Ukraine-Forward’s charm offensive and Soviet throwback name aside, however, Shevchenko’s newfound political career is still part of a wider trend: celebrities playing an ever larger role in Ukrainian politics. 

Perhaps most notable is WBC heavyweight champion, Vitali Klitshko.

Klitschko has previously unsuccessfully run for mayor of Kyiv, and his party, UDAR, has competed in regional elections and will also be competing in the parliamentary contest (though apparently it won’t be coordinating its campaign with the main opposition party, Fatherland). 

Though less politically accomplished, even Andriy Danylko, better known as the sequined Eurovision star Verka Serduchka, once tried to register his own political bloc.  Originally called “Against Everyone,” after the popular ballot option that allowed voters to vote against all listed candidates, it was later renamed “For Our Own.” 

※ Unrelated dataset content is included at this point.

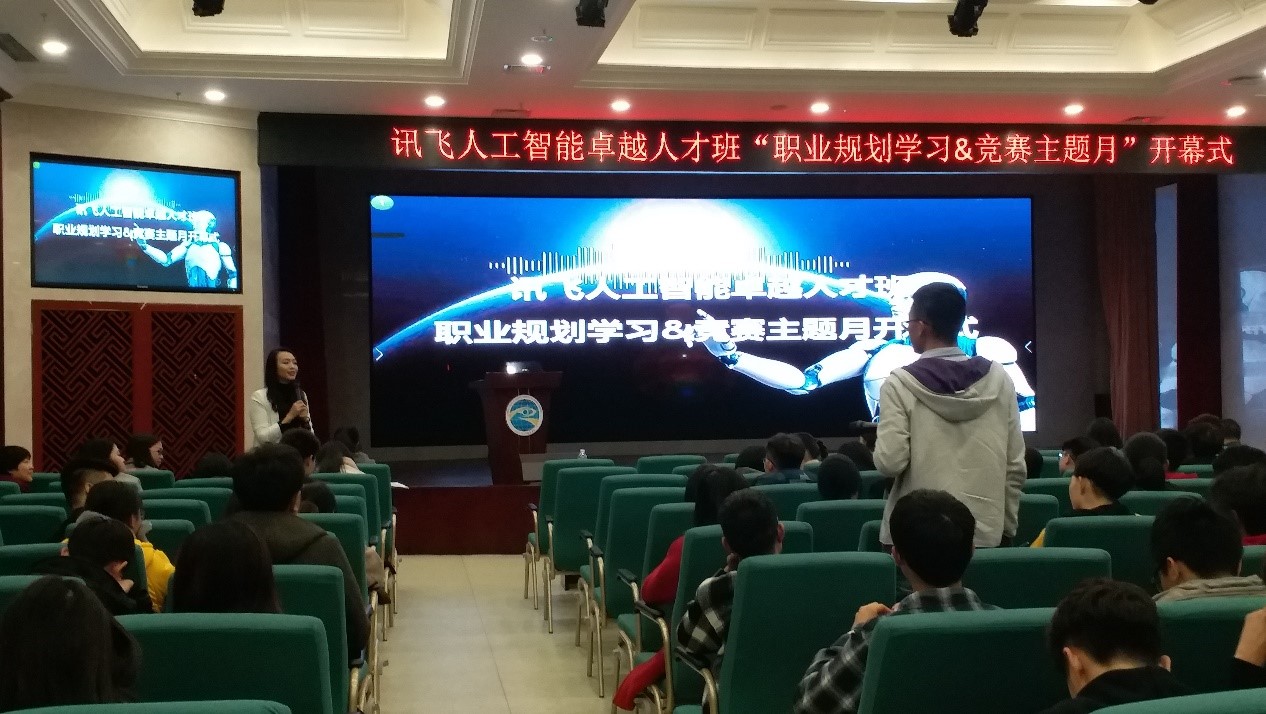 2018年11月7日,我院在学术报告厅开展了“讯飞人工智能卓越人才班“职业规划学习&竞赛主题月”开幕式”,本次活动主讲人为企业执行总经理陈方舟博士。出席本次活动的学校嘉宾有:重庆工商大学融智学院党委副书记陈龙国副书记,信息工程学院院长助理李辉老师,空间信息与数字技术专业负责人何昌华老师,以及全校各个学院辅导员老师。企业嘉宾有:“讯飞人工智能学院”执行院长田荣阳老师,科大讯飞股份有限公司市场经理陈超。

Though Danylko’s short-lived political career verged closer on farce than the more serious efforts by Klitschko and now Shevchenko, his parody struck close to the truth.  The name of his would-be block, “For Our Own,” has strong overtones of corruption, emphasizing how parties work to benefit themselves and their backers.  At the same time, this pervasive corruption is the same reason so many Ukrainian celebrities feel the need to take vows of political service. 

Celebrities’ campaigns, of course, are in and of themselves assertions that “professional” politicians are incapable of solving Ukraine’s problems (a claim many Ukrainians would agree with and not unrelated to corruption).  The appeal is that with career politicians unable or unwilling to do what needs to be done,new decisive and effective decision makers need to be pulled in from other arenas; essentially that Shevchenko could lead Ukraine to victory as easily as he did so many football teams, or that Klitshko could knock out Ukraine’s problems from corruption to the global financial crisis as easily as he does boxers.

Ukraine’s career politicians are no fools, however, and celebrities wishing to bring Ukraine salvation through their newfound political involvement are often unsurprisingly unsure exactly how to do that.  They need established politicians and parties, minor or major, to aid their transition.  For their part, the celebrities provide newfound window-dressing and sex appeal to stale parties unable or uninterested in distinguishing themselves from other parties, as Shevchenko is now doing for Ukraine-Forward.

This certainly is the case in Ukraine’s large neighbor to the north, where an impressive array of actors, singers, and models are used to spruce up the otherwise monotonous dominance of Putin’s United Russia. 

But there is more to it than that.  Parties across the world run on politicians’ appeal and personal charisma, but in Ukraine personalities and parties are linked in a way they are in few other countries.  Parties coalesce around personalities they then live and die with. Viktor Yushchenko’s Our Ukraine died with his own political career, and President Viktor Yanukovych seems to believe Fatherland will waste away without Tymoshenko and Lutsenko.  He may well be right.

The issue is that in Ukraine people trust individuals and not parties.  It is hard to say why.  Perhaps it is the result of so long being part of a state with only one party in no particular hurry to help anyone and individual contacts were the only way to get anything done, perhaps it is part of a longer tradition of electing and following charismatic leaders that goes back to the Zaporizhian Sich and beyond. 

No matter what the reason, the strength of a party is dependent on the strength of its defining personality, or occasionally personalities. Ukrainian celebrities are able to make such easy transitions into politics because they are able to transfer the trust and respect they earned in another field into political capital.  The fact that they don’t come from within the broken political establishment only works to their advantage.